Consider the following:
(i) If we sketch a graph of the height H against the time t after firing what shape will result?
• Draw an accurate sketch of this graph and label the graph in the context of this scenario.
(ii) How long would it take for the cannonball to reach its maximum height?
• What would be the maximum height reached?
• Re-write the relationship H in a different form using the values you obtained for the maximum height?
(iii) The maximum height reached by the cannonball is doubled. Given that the cannonball will still land after the same flight time write down a relationship for H, which would represent a doubling of the height.
(iv) Investigate further variations in the height reached. Place this data in a table and reflect on your results.
(v) Investigate what would happen if the original height is maintained but the flight time is varied.
I need help understanding the math side of this, thanks for your help
Answer by ankor@dixie-net.com(22740) (Show Source): You can put this solution on YOUR website!
A cannon ball is fired almost vertically upwards from ground level.
The cannon ball has height given by the relationship H = 12t – t^2 metres, where t is the time in seconds after firing.
Consider the following:
(i) If we sketch a graph of the height H against the time t after firing what shape will result?
• Draw an accurate sketch of this graph and label the graph in the context of this scenario.
I suggest you plot these points, replace x, find y
x | y
-------
0 | 0
2 | 20
4 | 32
6 | 36
8 | 32
9 | 27
12 | 0 (ground level)
Look something like this
:
(ii) How long would it take for the cannonball to reach its maximum height?
• What would be the maximum height reached?

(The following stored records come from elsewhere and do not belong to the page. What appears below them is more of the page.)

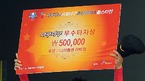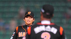 '2009 CJ 마구마구 프로야구' 퓨처스 올스타전 경기가 19일 오후 강원도 춘천의암구장에서 열렸다. 4-4로 맞선 9회 터진 롯데 오장훈의 결승 우전 적시타와 곧바로 터진 KIA 이명환의 쐐기 좌월 투런을 앞세워 7-4로 남부가 승리를 거뒀다. 감투상을 받은 북부 박건우가 박수를 치고 있다./춘천=윤민호...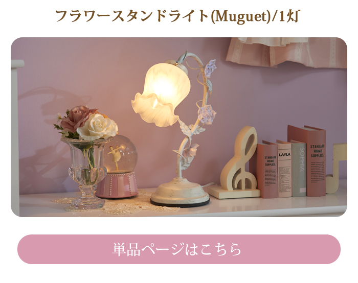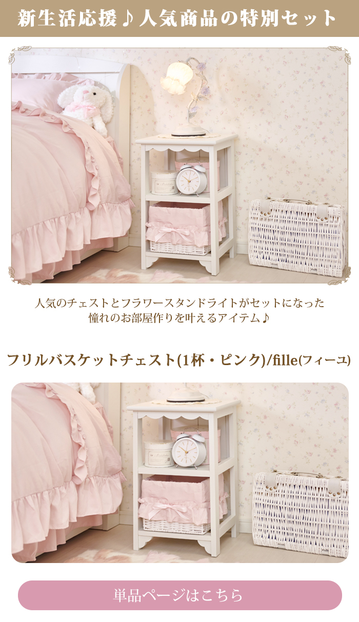 スカラップデザインが可愛いサイドチェストに、上品なフラワースタンドライトがセットになりました♪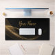 A Desk Mat your desktop with a high-quality print from a High Definition graphic. This large mouse pad provides a comfortable surface for your work, laptop, keyboard and a smooth surface for your mouse. It transforms your workbench with a stylish and elegant touch. You can further enhance it with a name or text of your choosing to make it truly stand out. Perfectly suited for all creators, artists, writers and anyone inspired by the soothing black and gold environment.
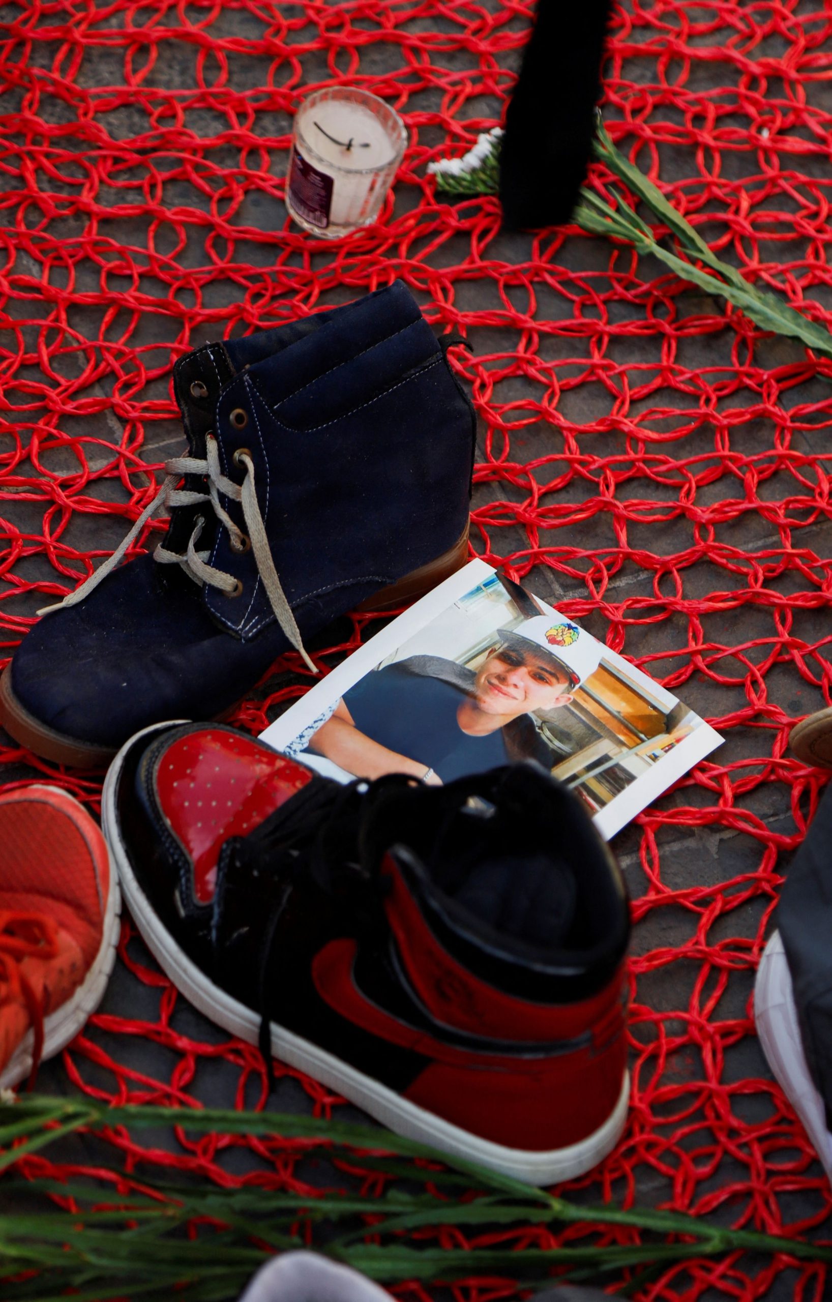 Pairs of shoes depicting victims are pictured during a vigil for the victims of the clandestine mass grave recently found in Teuchitlan, in the state of Jalisco, in Guadalajara, Mexico March 15, 2025. REUTERS/Michelle Freyria

You can see it reaches max height when t = 6 sec (halfway between 0 and 12
• Re-write the relationship H in a different form using the values you obtained for the maximum height?

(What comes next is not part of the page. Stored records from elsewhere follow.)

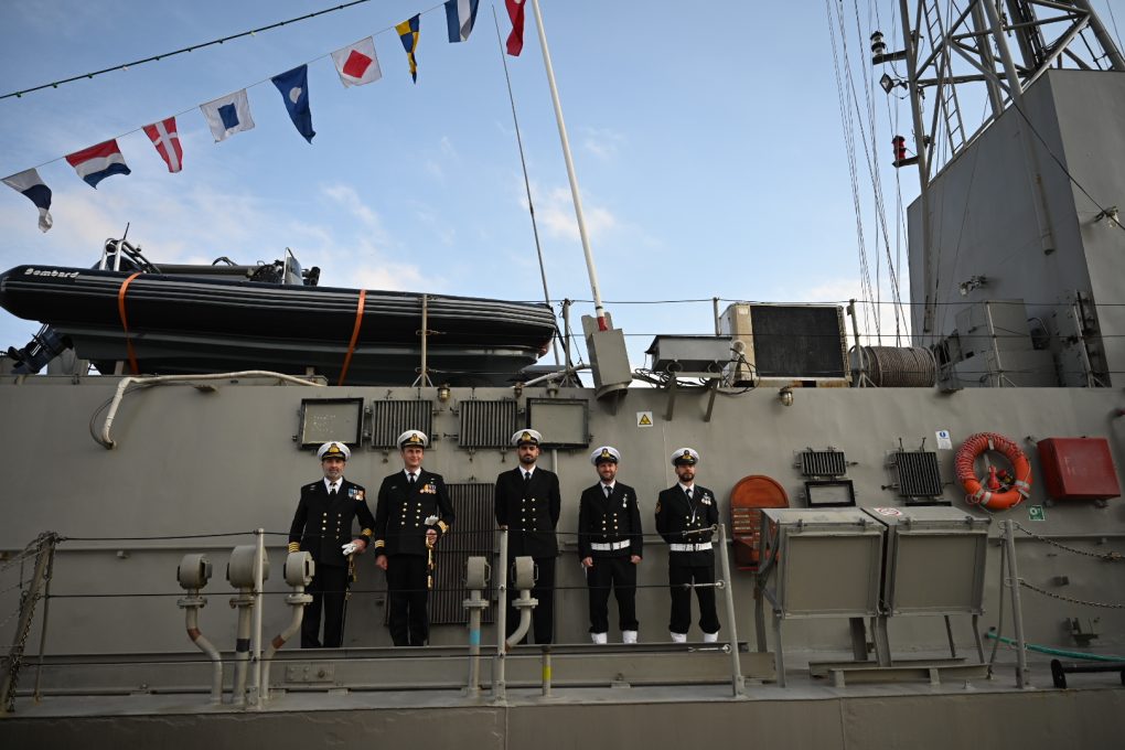 Ακολούθως ο Υπουργός Εθνικής Άμυνας μετέβη στην Κανονιοφόρο του Πολεμικού Ναυτικού «ΠΟΛΕΜΙΣΤΗΣ» που ναυλοχεί στο λιμάνι της Μύρινας, όπου αντάλλαξε επίσης ευχές με τον Διοικητή του Ναυτικού Σταθμού Λήμνου Πλοίαρχο Βασίλειο Παππά ΠΝ, τον Κυβερνήτη της Κανονιοφόρου Πλωτάρχη Ραδάμανθυ Βοσκάκη ΠΝ και τα μέλη του πληρώματος.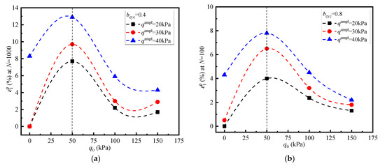 To show the effects of q0 on permanent deformation of specimen more clearly, the ε1p at N = 100 and 1000 under different q0 are replotted in Figure 5. It is clear that the ε1p is the largest in the q0 = 50 kPa tests, which corresponds to the bcyc = 0 tests. It can be concluded that the lower q0 could increase the deformation of the specimen while the higher q0 could reduce the deformation. In addition, Figure 5 shows that ε1p tends to increase with increasing qampl, whereas qampl has little influence on the trend of ε1p-q0 curves. This is inconsistent with the conclusions obtained in previous studies [15,16,17]. This indicates that saturated sand has different properties under true triaxial conditions.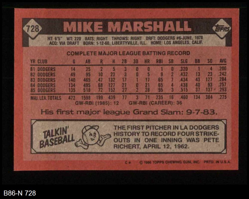 1986 Topps #728 Mike Marshall 8 - NM/MT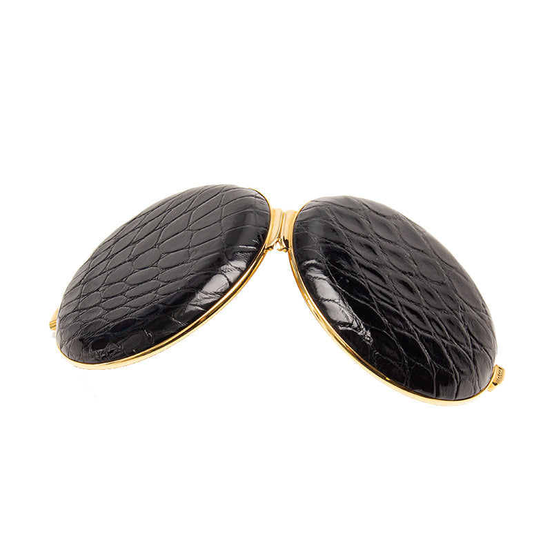 グッチ ミラー 手鏡・コンパクト ブラック ゴールド レザー レディース GUCCI 【中古】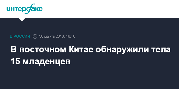 Москва. 30 марта. INTERFAX.RU - Страшную находку сделали в минувшее воскресенье вечером жители города Цзинань китайской восточной провинции Шаньдун: в реке под одним из городских мостов они обнаружили тела 15 новорожденных, сообщили во вторник китайские СМИ.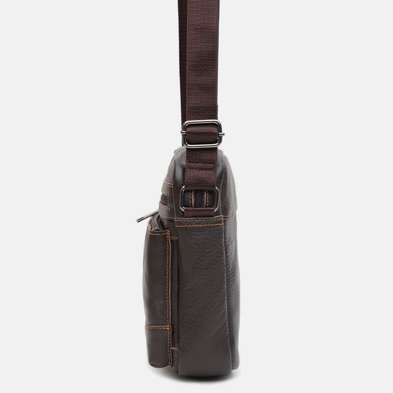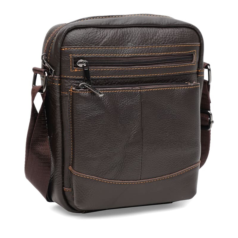 Чоловіча шкіряна сумка коричневого кольору стильний і популярний аксесуар на будь-який сезон. Має 1 відділення на блискавці. Всередині 1 кишеня на блискавці. Зовні 2 кишені на блискавці. Підкладка-текстиль. Колір фурнітури коричневий. Плечовий ремінь регулюється по довжині.
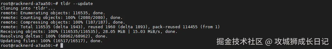 这样可以确保您拥有最新版本的TLDR手册页。如果返回如下结果: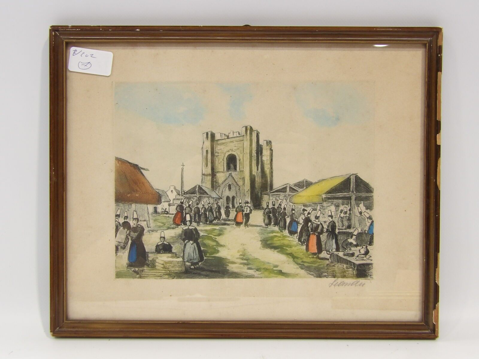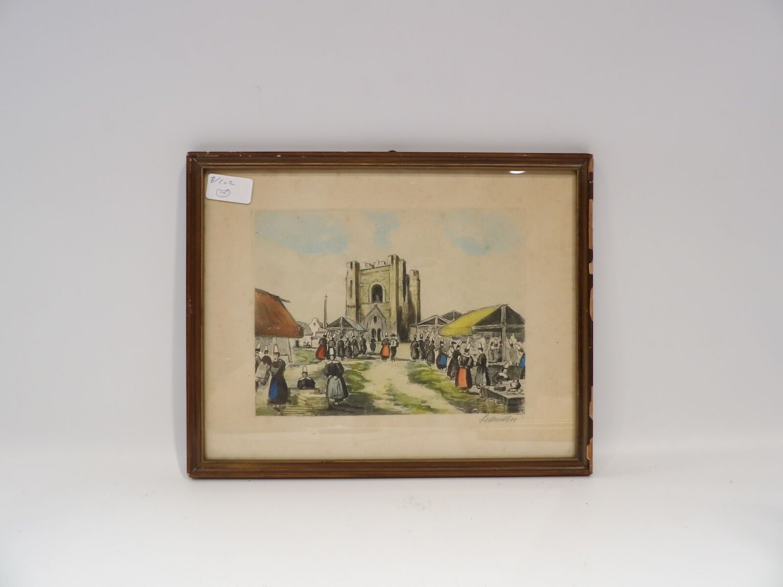 20th century school, watercolour and pencil "women at the Breton market", under glass in a moulded varnished frame 27.5x34cm, used condition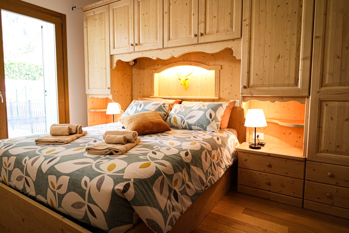 Una pequeña joya con vista panorámica situada en el carril bici Dolomites. Colindante con los diferentes puntos de recogida y tiendas Este apartamento de unos 40 metros cuadrados ofrece todo lo necesario para una estancia de hasta 4 personas. El dormitorio doble con cama tamaño king El baño con la ducha muy grande El salón con cocina americana, mesa comedor y las dos sumas muy cómodas que completan el mobiliario El acogedor y funcional apartamento ideal para unas relajantes vacaciones de verano e invierno

In the equation h = 12t - t^2, replace t with 6
h = 12(6) - 6^2
h = 72 - 36
h = 36m (as is shown on the graph)
:
(iii) The maximum height reached by the cannonball is doubled.
Given that the cannonball will still land after the same flight time,
write down a relationship for H, which would represent a doubling of the height.
Using the form y = ax^2 + bx + c, we have to find new values for a & b, (no c)
For the coordinates:
x = 6, y = 72 (twice the height)
and
x = 12, y = 0 (same flight time)
write an equation for each pair replace x and y
36a + 6b = 72
and
144a + 12b = 0
multiply the 1st equation by 2, subtract from the 2nd equation
144a + 12b = 0
72a + 12b = 144
-----------------subtraction eliminates b, find a
72a = -144
a = -144/72
a = -2
Find b using the 1st original equation
36(-2) + 6b = 72
-72 + 6b = 72
6b = 72 + 72
6b = 144
b = 144/6
b = 24
Graph the new equation h = 24t - 2t^2
NOte that it reaches 72m in 6 sec now
:
(iv) Investigate further variations in the height reached. Place this data in a table and reflect on your results.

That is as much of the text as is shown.